I have a kernel that works using global memory. I’ve made an attempt at making it use shared memory, but it’s not working. I’m hoping that someone could help me out and point out what I’m doing wrong.
The following are the portions of the kernel which differ between the two versions.
Using global memory I have:
for(unsigned int k = 0; k != number_of_terms; ++k)
{
float v = 6.28318530717959*dot(f_coord, d_positions[k]);
float term = d_weights[k]*fourier_transform_sph(r*d_radii[k]);
sum.x += term*cos(v);
sum.y += term*(sin(v));
}
Using shared memory I have:
int thread_index = blockDim.x*threadIdx.y + threadIdx.x;
__shared__ float3 ds_positions[BLOCK_SIZE];
__shared__ float ds_weights[BLOCK_SIZE];
__shared__ float ds_radii[BLOCK_SIZE];
for(unsigned int k = 0; k < number_of_terms;)
{
if (k+thread_index < number_of_terms)
{
ds_positions[thread_index] = d_positions[k + thread_index];
ds_weights[thread_index] = d_weights[k + thread_index];
ds_radii[thread_index] = d_radii[k + thread_index];
}
__syncthreads();
for(int j = 0; j != BLOCK_SIZE && k < number_of_terms; ++j, ++k)
{
float v = 6.28318530717959*dot(f_coord, ds_positions[j]);
float term = ds_weights[j]*fourier_transform_sph(r*ds_radii[j]);
sum.x += term*cos(v);
sum.y += term*(sin(v));
}
__syncthreads();
}
Note, in my code BLOCK_SIZE is the number of threads per block.
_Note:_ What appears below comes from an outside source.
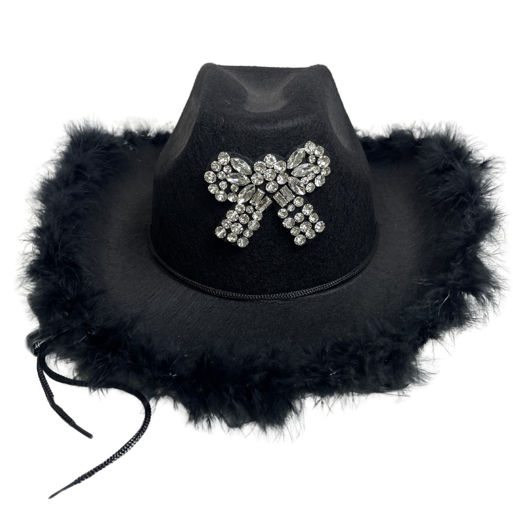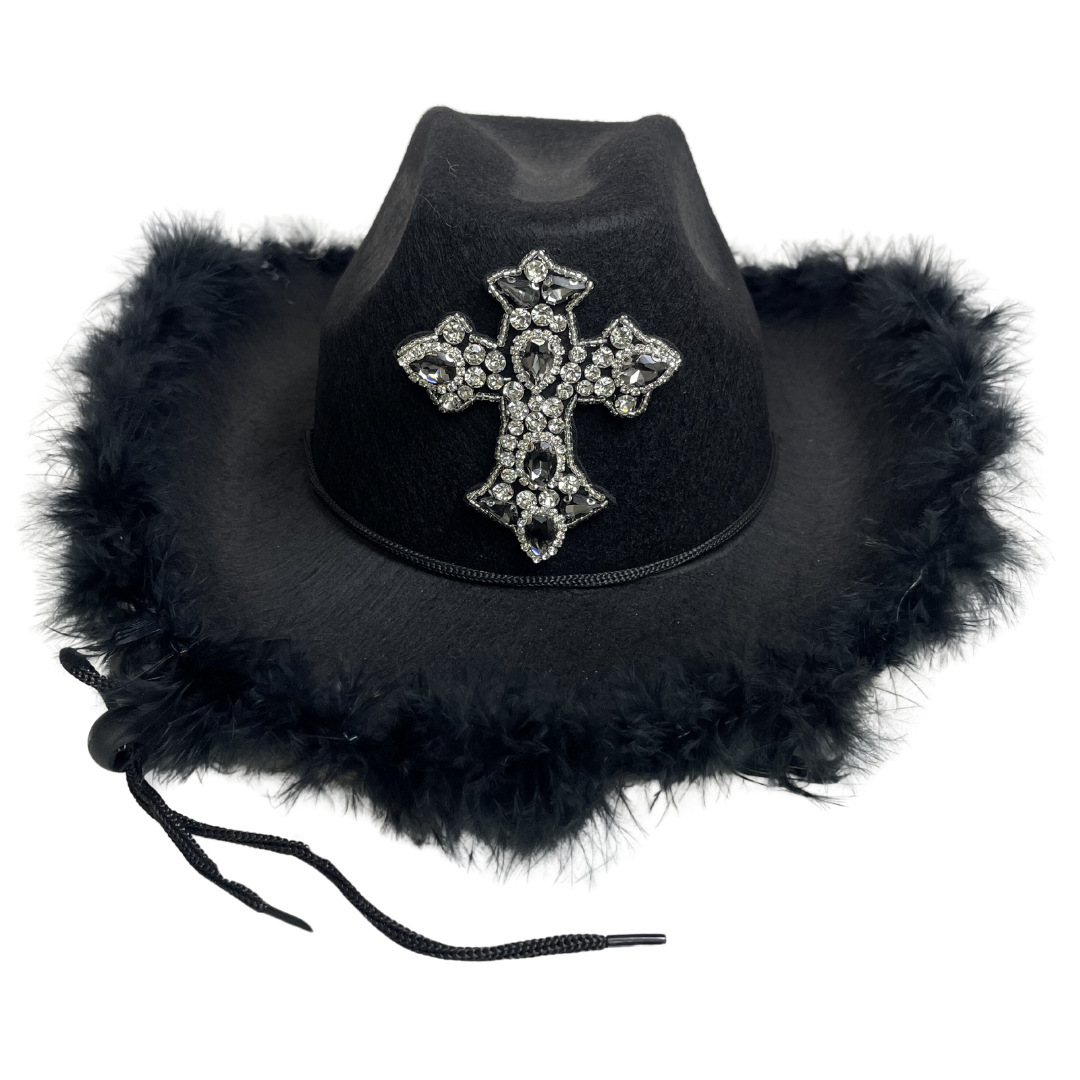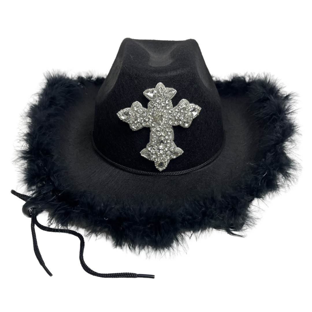 Rhinestone Burr Cowboy Hat Diamond Cross Black Performance Cap

I think that in the SDK examples it may be the square root of this.
The difference between the two when run is that the first version works perfectly, and the second version crashes.
I experimented further with the code to try to understand what’s going on. It turns out that:

If I only stage positions then it works  kind of, the results change frame to frame, which shouldn’t happen.

If I only stage radii then it works perfectly.

If I only stage weights it will sort of flicker at first with something related to the correct results but eventually will go black

If I stage both positions and radii then it crashes.
Thanks for any help.